“Expect the Lord, do manfully, and let thy heart take courage, and wait thou for the Lord …”
– Psalm 27:14, 1899 Douay-Rheims Bible
This verse formed the basis of the sermon yesterday at church, and it was painful. Sitting in my pew, tears sprung immediately to my eyes as Pastor began to expound on this verse. For the last several months, my heart has been wrestling with this idea of “waiting.” There are dreams God has placed on my heart, dreams I long for, ache for, weep for, that I literally dream about at night with such clarity and such a sense of realness that I wake in confusion as to which is real – what I saw in my sleep or what I see now that I am awake … dreams I wish I wasn’t waiting to see come to fruition any longer. I have fasted and prayed, have waged war with the devil, have aligned my words with the Word of God … and still I wait. At least I thought I was waiting, until I dug into my study notes, and God began to show me what it truly means to wait.

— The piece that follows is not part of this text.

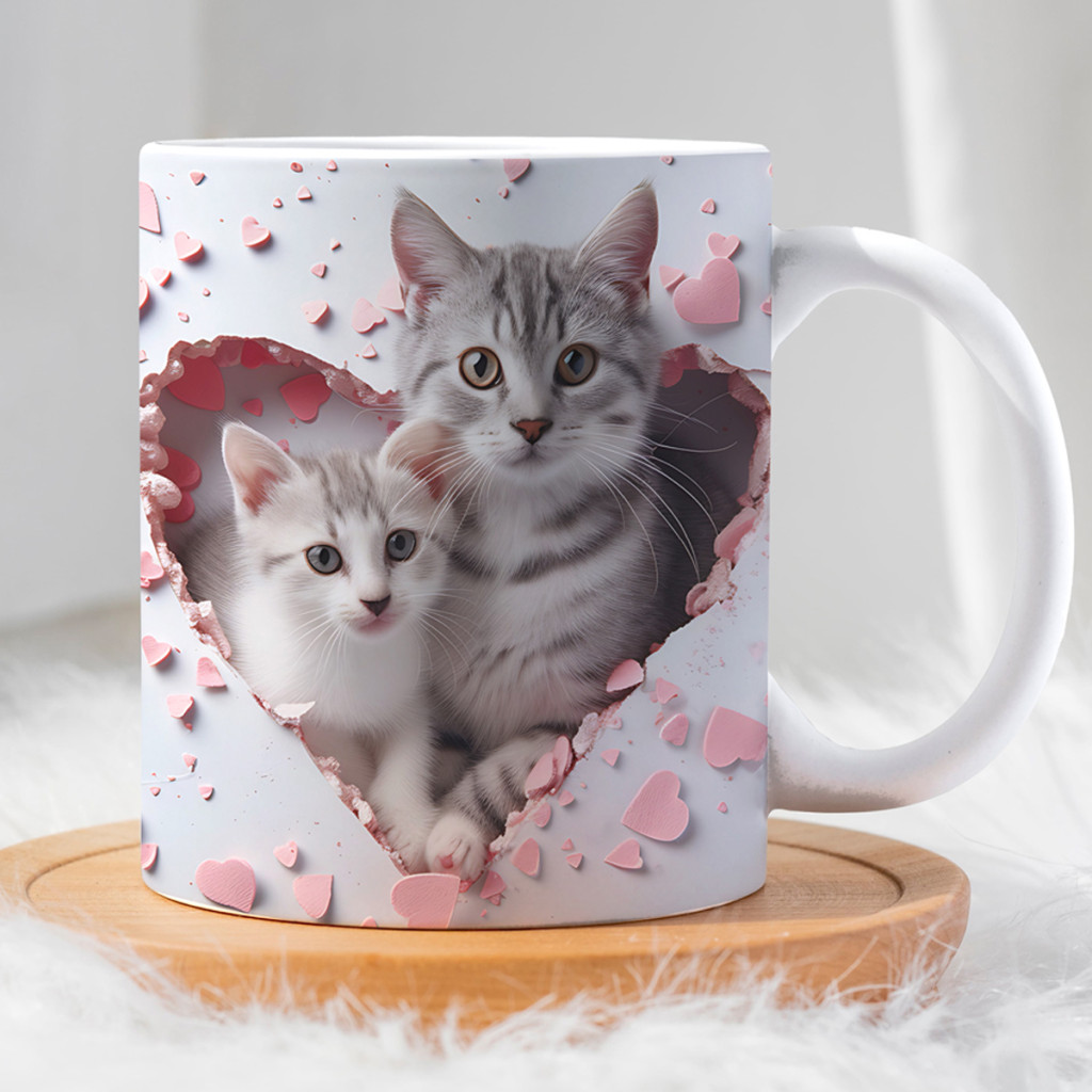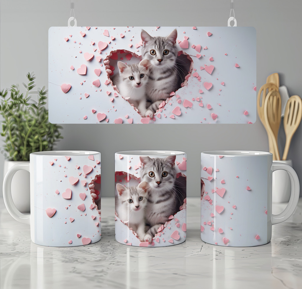 Kedves cicás mintájú bögre szív alakú háttérrel és romantikus részletekkel. Tökéletes ajándék macskabarátoknak, állatkedvelőknek vagy bárkinek, aki szereti a bájos, meghitt mintákat.

According to Webster’s 1828 Dictionary, the word “wait” is defined as, “To stay or rest in expectation; to stop or remain stationary, till the arrival of some person or event … to look watchfully … to be ready to serve; to obey … to accompany with submission or respect …” Am I resting (ceasing to strive, quieting myself before the Lord, allowing peace to reign in my heart as my faith wells up) in expectation, knowing that my God will act on my behalf, that He will enable me to carry out the plan He has for me in His time? Am I looking watchfully for the promises to appear on the horizon, assured that God has already sent them, and trusting that they will appear any moment on the horizon of my awareness? Am I caught up in joyful anticipation of my Lord’s return on the clouds, or am I so focused on earthly things that I am found slacking? Am I waiting, ever ready to serve, to obey – even when I feel I have been waiting too long and I am frustrated by the wait? Am I accompanying my God with submission and respect, more concerned with His glory than my wishes? No … not enough. I have not yet learned what it is to wait …
When I turn to other Scriptures about waiting, I am further convinced I do not know the meaning of the word. For example, Habakkuk 2:2-4, in the NCV, tell me, “The Lord answered me: ‘Write down the vision; write it clearly on clay tablets so whoever reads it can run to tell others. It is not yet time for the message to come true, but that time is coming soon; the message will come true. It may seem like a long time, but be patient and wait for it, because it will surely come; it will not be delayed … Those who are right with God will live by faith.” So, in this season of so-called waiting, am I writing down the vision? Am I repeating it to myself? Am I living by faith – or whining about being uncomfortable as my heart grows to new levels before my experiences do? Lamentations 3:25-26, in the Bible in Basic English say, “The Lord is good to those who are waiting for him, to the soul which is looking for him. It is good to go on hoping and quietly waiting for the salvation of the Lord.” Am I continuing to look for Him in my everyday life, to look for moments to meet with Him? “Hoping,” according to the 1828 Webster’s Dictionary, means, “having hope; indulging desire of good with the expectation of obtaining it, or a belief that it is obtainable. Confiding in.” So, am “going on,” persevering in hope, in desiring good and expecting I will obtain it in God’s timing? Am I confiding my desires to Christ, my Bridegroom, and continuing to revel in Him while I wait to see the reality of those desires?
My heart is full as I study. I am convicted, humbled. Like Moses cowering before the righteous indignation of a Fiery God, my heart is bowed in awe, trembling as my God says to me:
“You will learn to wait in emptiness and frustrated desire for My plan of love to reveal itself. With confidence in Me and hope in My plan, you will not only feel the pain of living in the valley but also see My glory from the mountaintop of faith. Only those who struggle in confusion and wait in hope will be strengthened to struggle well and to wait with confidence … Struggle well! Wait in hope!”[1]
I pray I will … that my God will find me faithful, that He will say I have struggled well ... and that my attitude of hope and expectation will be pleasing to His heart ...
[1] P. 172, Dr. Larry Crabb, 66 Love Letters: A Conversation with God that Invites You Into His Story, 2009.